道路レポート 青森県道256号青森十和田湖自転車道線(青森市区間) 第2回

公開日 2015.12.27
探索日 2015.12.23
所在地 青森県青森市

自転車道の怪しい分岐と、県道の本領発揮と。


2015/12/23 9:44 《現在地》

青森市街地での自転車道探索は、国道4号堤橋の起点から1.2km付近を走行中。
現地に設置されている案内板の区分に合わせるなら、起点から数えて第2番目の区間の途中である。

幅3mという至って標準的な規格を持った自転車道で、風景も全国的に広く見られる河川敷利用の自転車道としての模式的なものを感じる。
隣を流れている川は駒込川で、対岸に見える大きなビルはRAB青森放送の社屋。

こんな普通の自転車道でいいのか、おい!




上の写真の奥の方に見えている橋まで来た。
この橋も市道で、橋の名前は福田橋という。
何の変哲もない風景だが、この袂に早くも第三の案内板が現れた。
前回の案内板からは、わずか280mしか離れていない。




余りやると嫌われてしまいそうだが、もう癖になっているので、ここでも重箱つつきのエラッタ探しに興じる。
するってーと、今回の案内板も「甲田橋」を「八甲田橋」とする誤字が、前の案内板と同様にあったのだが、設置者本人か部外者によるものかは不明ながら、「田」の文字を黒いインクで消そうとした形跡があった。
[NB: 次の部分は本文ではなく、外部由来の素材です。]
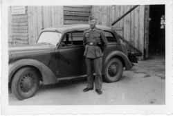 fotografia w tonacji czarno - białej. Przedstawia żołnierza w niemieckim mundurze, stojącego na obok samochodu osobowego (prawdopodobnie Opel). Na odwrocie fotografii odręczny podpis czarnym atramentem, po niemiecku : "Meine fahrer Meyer Juli'42" ( mój kierowca Meyer, lipiec '42)...więcej fotografia w tonacji czarno - białej. Przedstawia żołnierza w niemieckim mundurze, stojącego na obok samochodu osobowego (prawdopodobnie Opel). Na odwrocie fotografii odręczny podpis czarnym atramentem, po niemiecku : "Meine fahrer Meyer Juli'42" ( mój kierowca Meyer, lipiec '42). |

誤りには気付いたと言うことのようだ。

(実は、後ほど発覚するとんでもない間違いが、この案内板を含めた過去3枚全ての案内版にあったのだが、まだ気付かなかった。)



さらに順調に進んでいく。
晴雄橋という、人名みたいな名の橋を渡る1車線の市道とも交差した。
すると間もなく、川側のガードレールに設置された、1枚の色褪せた看板が私の目を惹いた。
みなさんでハクチョウにえさをやってかわいがってください」と、近年の野生動物には餌をやらないで、という風潮とは真逆の看板。
「オオハクチョウ」と「コハクチョウ」の、色褪せすぎて区別のつかないイラストも、なんかシュールだ。

この辺りは人口約30万人を擁する県都青森の中心からそう遠くない市街地であるが、駒込川には(今でも)ハクチョウが飛来するようである。

そう言われてみれば、コンクリートの護岸に固められ、澱んだように流れる都市河川の水面は、意外なほどに透き通っていた。
もっとも、考えてもみれば、この川の上流には八甲田の山しかないのだから、水もあまり汚れようがないのかも知れない。




9:49 《現在地》

前回の案内板があった福田橋から700m、起点から数えて約2kmの所で、久々に幅の広い道路と交差した。
この道路も青森市道で、橋の名前は「松桜橋」といった。

ここまでの交差点には、全て横断歩道が用意されていたが、この交通量も多く幅も広い市道を横断するにあたっては、なぜかそれが見あたらない。
横断禁止の道路標識は見あたらないが、良い子は、50mほど右に迂回した所にある信号付きの横断歩道を渡った方がいいだろう。
余計なお世話だって? 失礼。




スタート地点からずっと川の上流に見え続けている八甲田の山々だが、進むにつれて少しずつ形や見える範囲が変わっている。

ここまで来て初めて、自転車道が目指した田代平の広大な高原地が、尖った八甲田の峰と駒込川の源流をなす深い峡谷の間に連なる緩やかな斜面として、見通せるようになった。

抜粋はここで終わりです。